WHAT YOU ARE ASKED TO DO:
Please give the lines below again exactly as they stand, from the one that contains "gxgjeans男装春季休闲裤男潮流黑色束脚裤" up to and including the one that contains "The Toughest Monster", leaving all pictures out.
DATA SHOWN below:
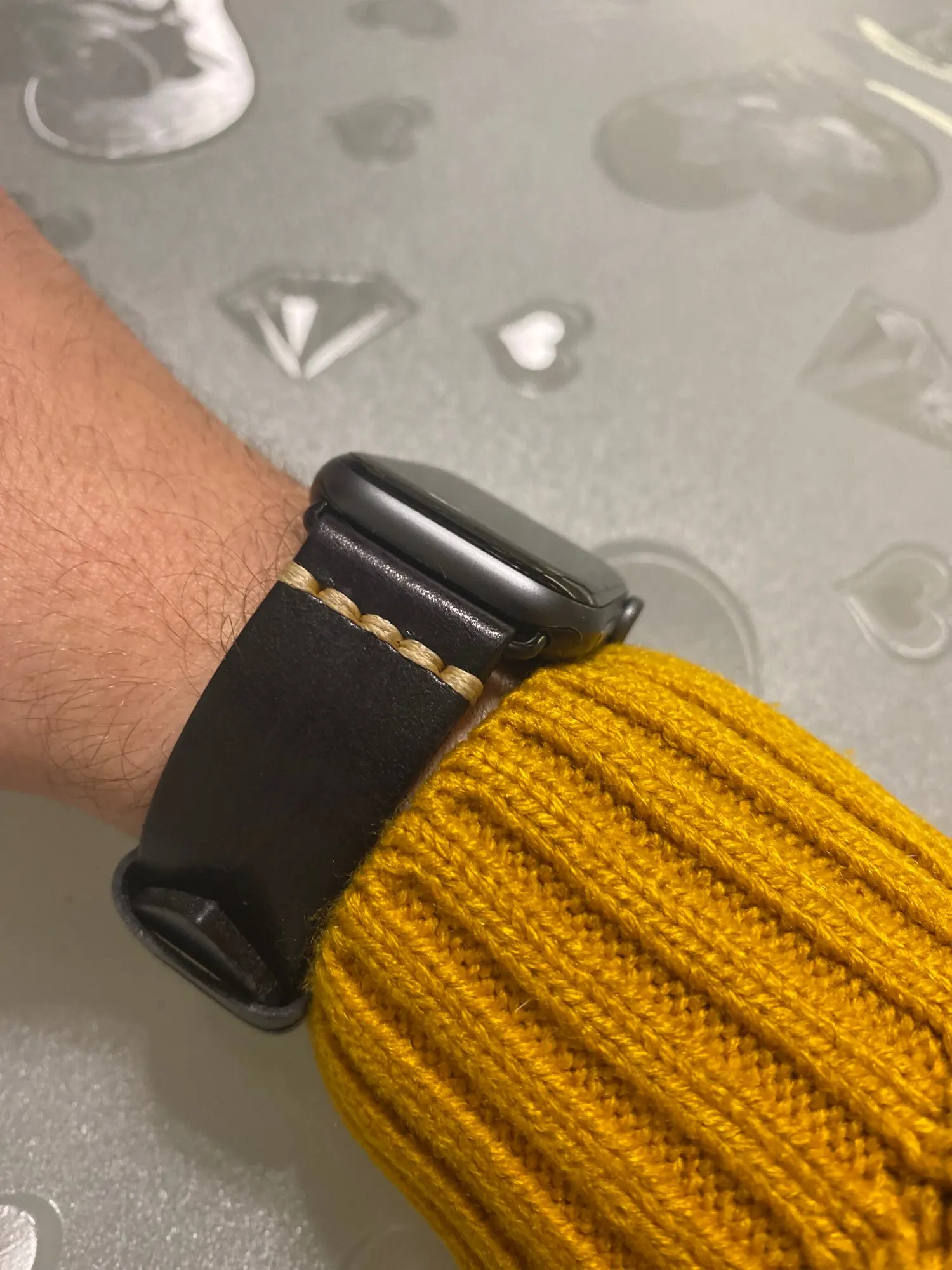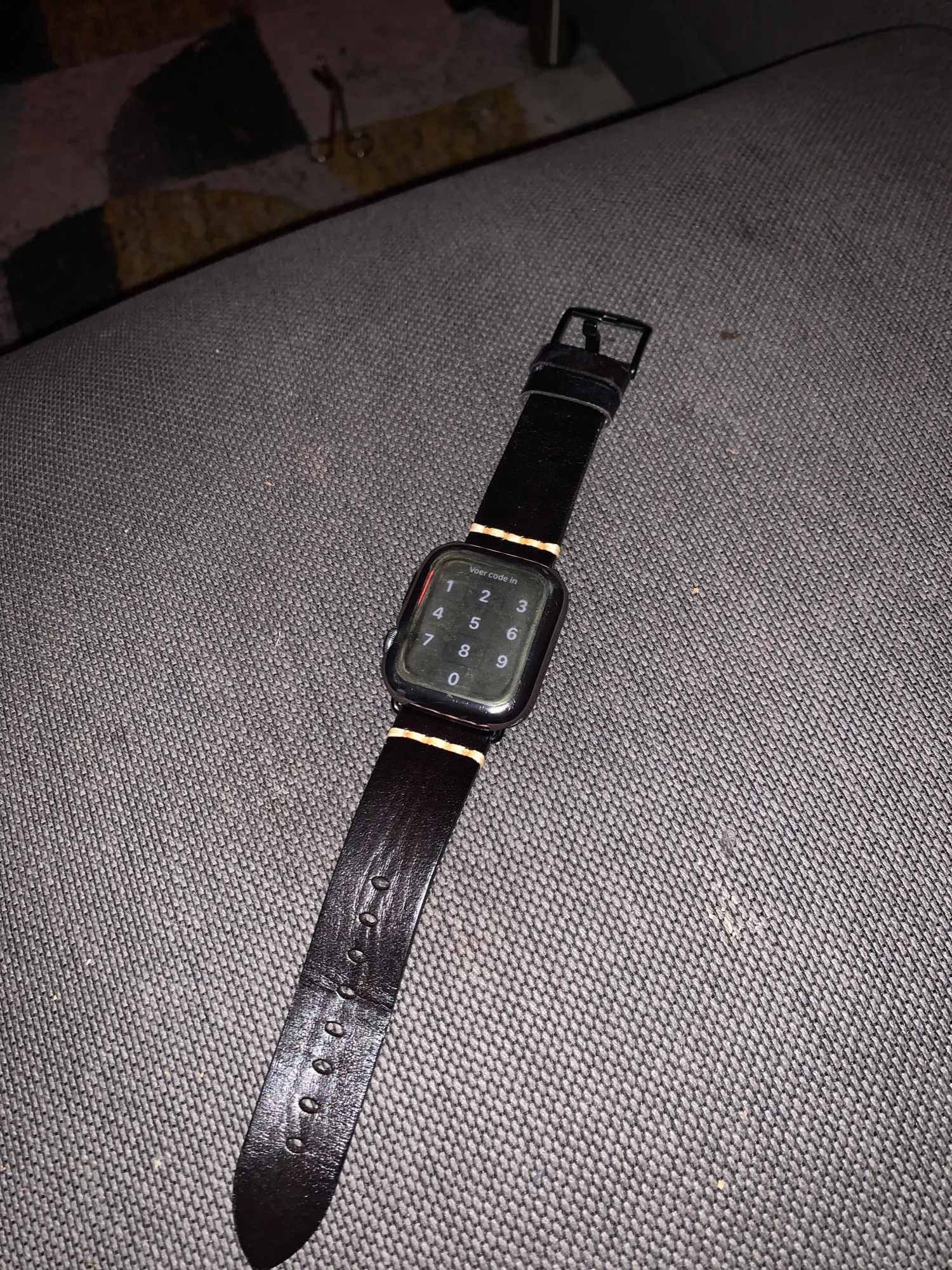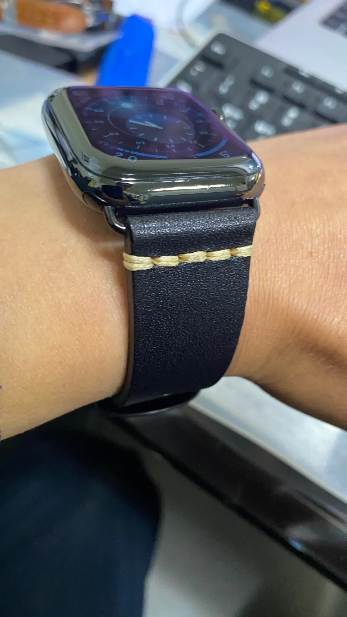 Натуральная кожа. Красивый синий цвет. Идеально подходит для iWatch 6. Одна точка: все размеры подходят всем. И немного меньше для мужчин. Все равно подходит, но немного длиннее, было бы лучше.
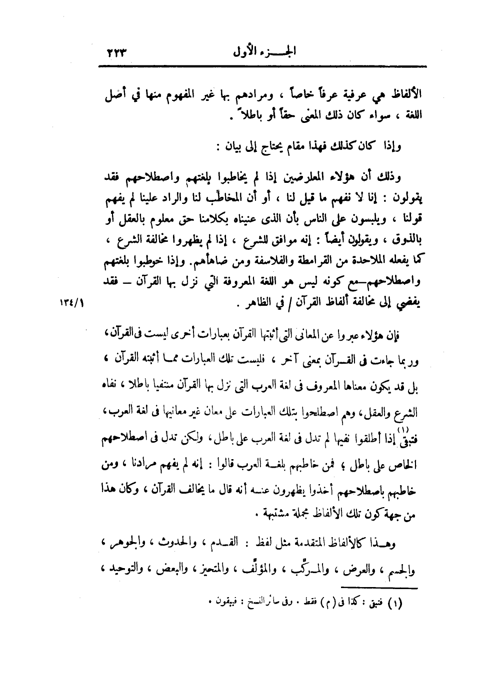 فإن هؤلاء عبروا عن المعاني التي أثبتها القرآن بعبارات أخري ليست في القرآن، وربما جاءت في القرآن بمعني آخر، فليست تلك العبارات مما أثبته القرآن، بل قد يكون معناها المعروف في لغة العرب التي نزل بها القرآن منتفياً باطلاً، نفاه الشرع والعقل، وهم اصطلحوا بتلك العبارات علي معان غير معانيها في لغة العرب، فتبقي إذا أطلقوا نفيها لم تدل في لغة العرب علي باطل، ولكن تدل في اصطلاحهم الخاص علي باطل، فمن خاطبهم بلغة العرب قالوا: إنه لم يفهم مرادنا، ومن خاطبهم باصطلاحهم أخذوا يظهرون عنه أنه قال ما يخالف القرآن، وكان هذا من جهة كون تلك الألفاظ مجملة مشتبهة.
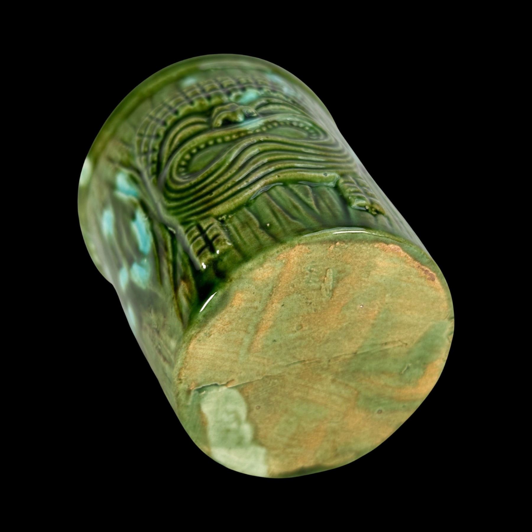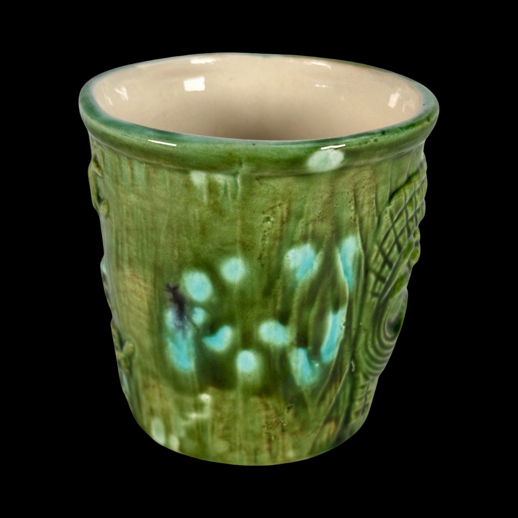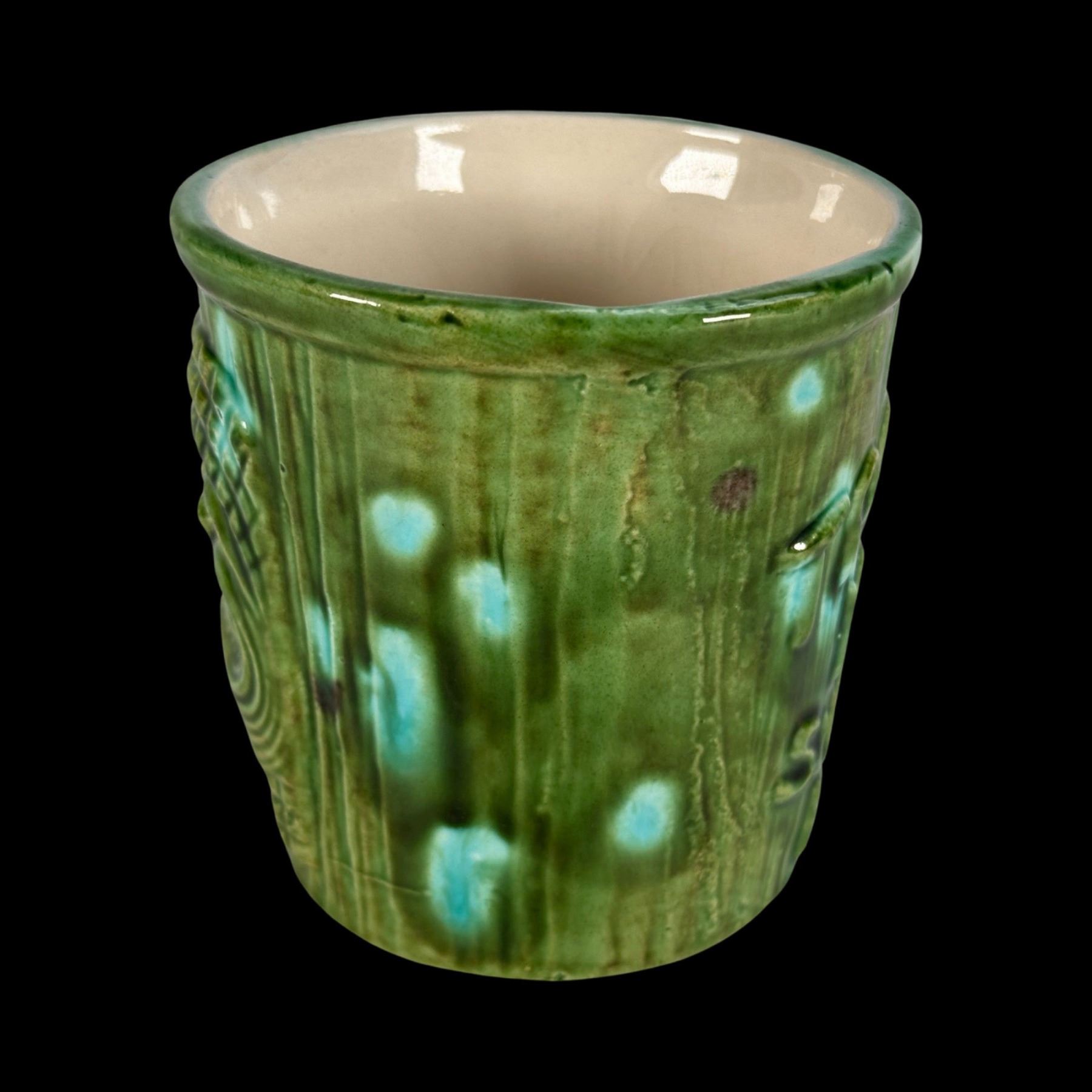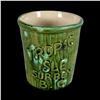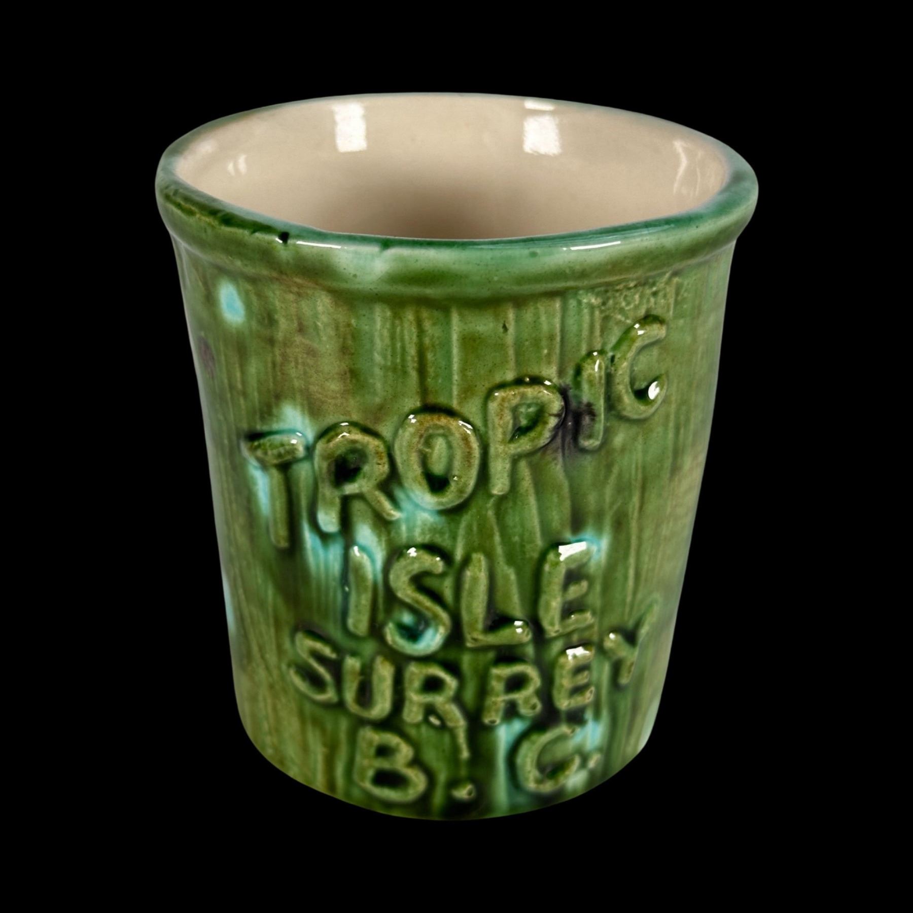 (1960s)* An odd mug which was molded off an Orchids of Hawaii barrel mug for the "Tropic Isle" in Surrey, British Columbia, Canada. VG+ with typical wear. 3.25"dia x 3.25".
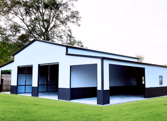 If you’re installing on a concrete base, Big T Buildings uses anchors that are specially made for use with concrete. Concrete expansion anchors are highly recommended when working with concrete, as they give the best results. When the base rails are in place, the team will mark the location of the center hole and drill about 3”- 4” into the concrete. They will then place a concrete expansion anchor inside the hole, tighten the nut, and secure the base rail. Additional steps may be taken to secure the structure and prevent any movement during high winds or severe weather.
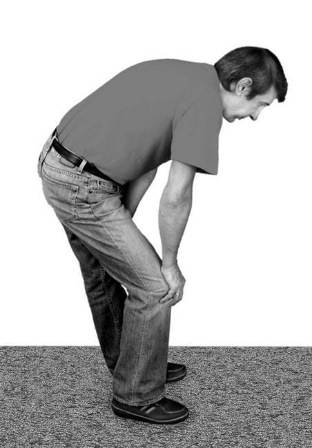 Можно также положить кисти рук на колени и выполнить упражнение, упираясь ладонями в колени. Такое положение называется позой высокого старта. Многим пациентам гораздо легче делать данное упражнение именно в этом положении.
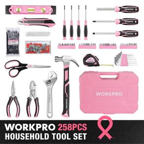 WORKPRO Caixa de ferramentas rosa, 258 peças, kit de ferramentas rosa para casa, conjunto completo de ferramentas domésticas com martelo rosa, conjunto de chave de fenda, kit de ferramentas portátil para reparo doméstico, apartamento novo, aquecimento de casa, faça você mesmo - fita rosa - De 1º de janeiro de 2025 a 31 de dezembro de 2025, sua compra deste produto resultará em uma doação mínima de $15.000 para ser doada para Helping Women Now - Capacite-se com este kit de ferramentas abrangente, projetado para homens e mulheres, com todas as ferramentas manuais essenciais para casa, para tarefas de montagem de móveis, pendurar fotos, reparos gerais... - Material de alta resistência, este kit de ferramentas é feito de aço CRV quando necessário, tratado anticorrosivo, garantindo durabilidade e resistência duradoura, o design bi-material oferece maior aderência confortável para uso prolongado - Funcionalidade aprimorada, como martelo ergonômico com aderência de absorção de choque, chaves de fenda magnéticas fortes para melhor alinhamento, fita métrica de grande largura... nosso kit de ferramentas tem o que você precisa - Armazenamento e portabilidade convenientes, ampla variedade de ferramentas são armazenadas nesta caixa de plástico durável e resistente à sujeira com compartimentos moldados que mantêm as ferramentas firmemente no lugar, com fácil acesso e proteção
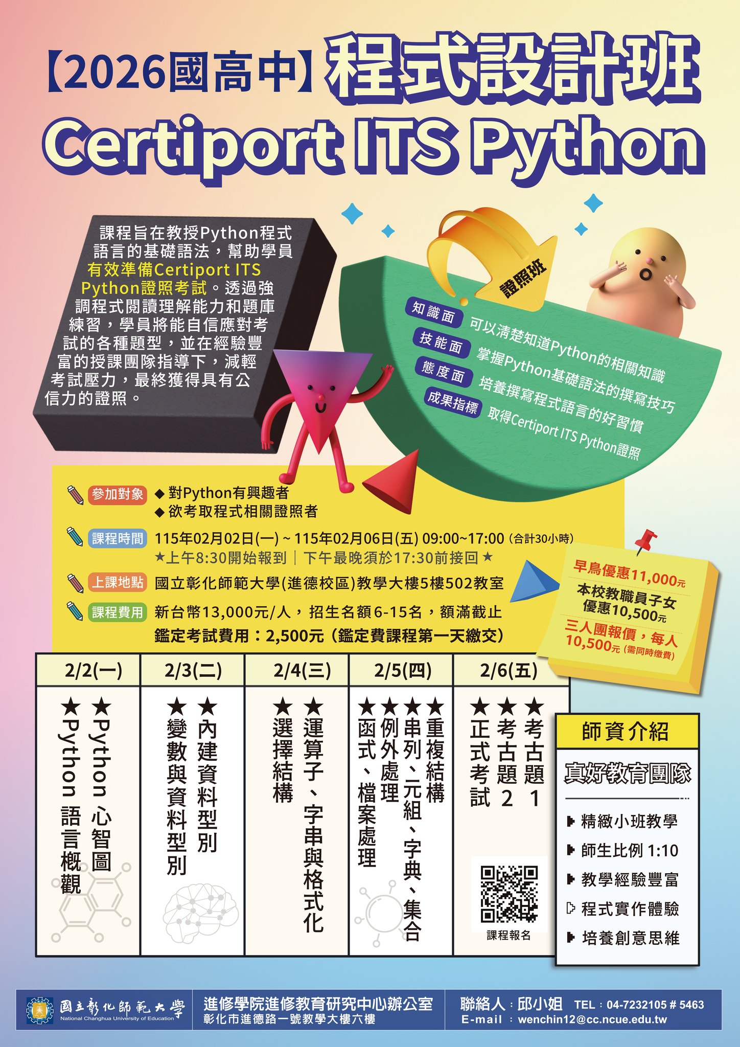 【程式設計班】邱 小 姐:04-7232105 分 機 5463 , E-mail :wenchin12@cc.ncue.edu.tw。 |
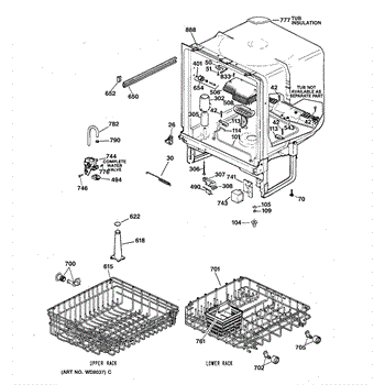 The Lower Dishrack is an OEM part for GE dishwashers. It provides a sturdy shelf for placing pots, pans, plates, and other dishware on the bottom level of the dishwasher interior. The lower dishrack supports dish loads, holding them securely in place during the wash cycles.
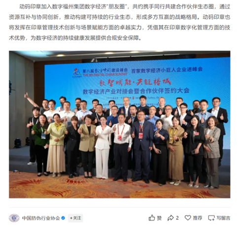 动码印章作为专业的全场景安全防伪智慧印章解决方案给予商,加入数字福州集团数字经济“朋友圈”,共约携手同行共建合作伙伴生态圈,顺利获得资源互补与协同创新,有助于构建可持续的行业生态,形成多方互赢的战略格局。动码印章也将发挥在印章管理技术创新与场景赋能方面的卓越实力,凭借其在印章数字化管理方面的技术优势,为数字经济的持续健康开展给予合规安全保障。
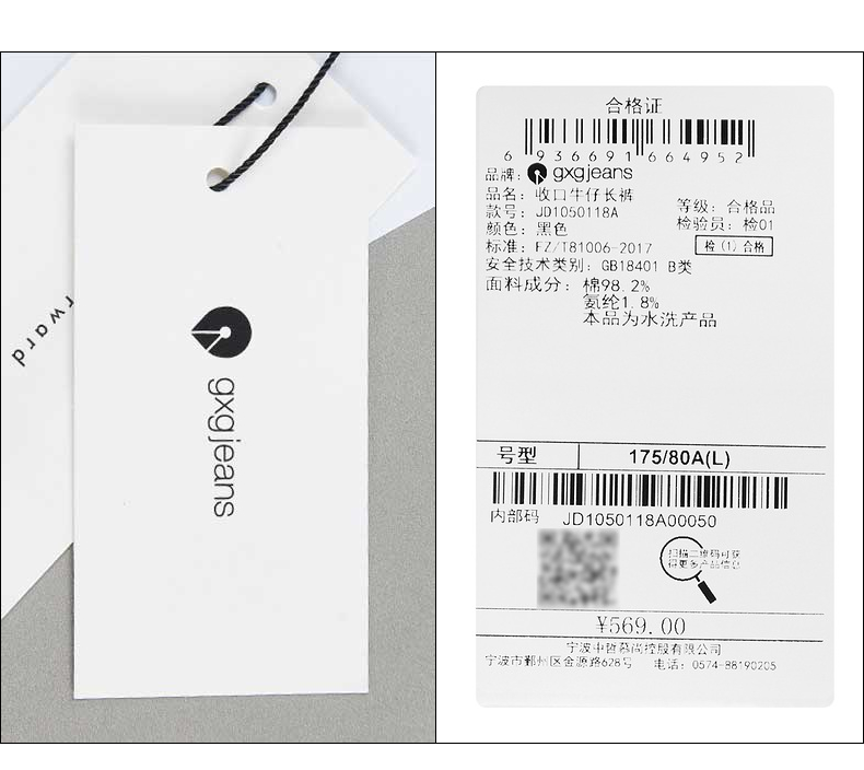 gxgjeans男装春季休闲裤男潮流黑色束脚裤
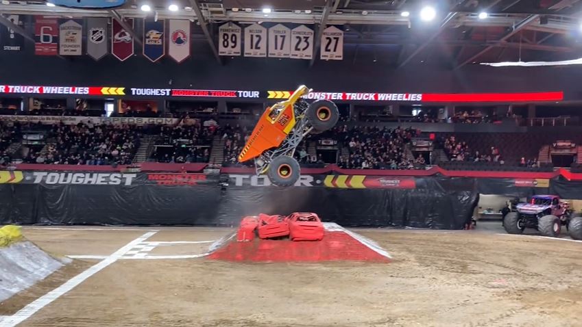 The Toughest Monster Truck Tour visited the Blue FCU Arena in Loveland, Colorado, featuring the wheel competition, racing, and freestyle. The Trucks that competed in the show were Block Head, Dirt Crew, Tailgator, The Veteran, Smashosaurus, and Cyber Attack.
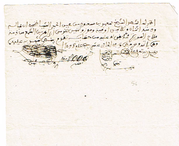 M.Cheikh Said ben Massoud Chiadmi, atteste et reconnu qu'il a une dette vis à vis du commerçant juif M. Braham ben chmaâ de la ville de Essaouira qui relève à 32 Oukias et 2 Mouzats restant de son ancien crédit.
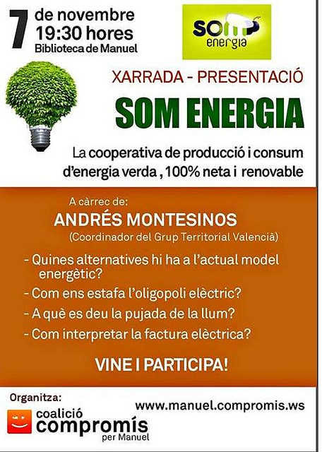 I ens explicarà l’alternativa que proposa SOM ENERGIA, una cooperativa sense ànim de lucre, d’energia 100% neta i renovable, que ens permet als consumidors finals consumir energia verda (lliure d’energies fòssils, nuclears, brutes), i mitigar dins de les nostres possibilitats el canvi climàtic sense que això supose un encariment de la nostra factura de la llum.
End of DATA SHOWN.
RESPONSE FOR THIS EXERCISE:
 gxgjeans男装春季休闲裤男潮流黑色束脚裤
 The Toughest Monster Truck Tour visited the Blue FCU Arena in Loveland, Colorado, featuring the wheel competition, racing, and freestyle. The Trucks that competed in the show were Block Head, Dirt Crew, Tailgator, The Veteran, Smashosaurus, and Cyber Attack.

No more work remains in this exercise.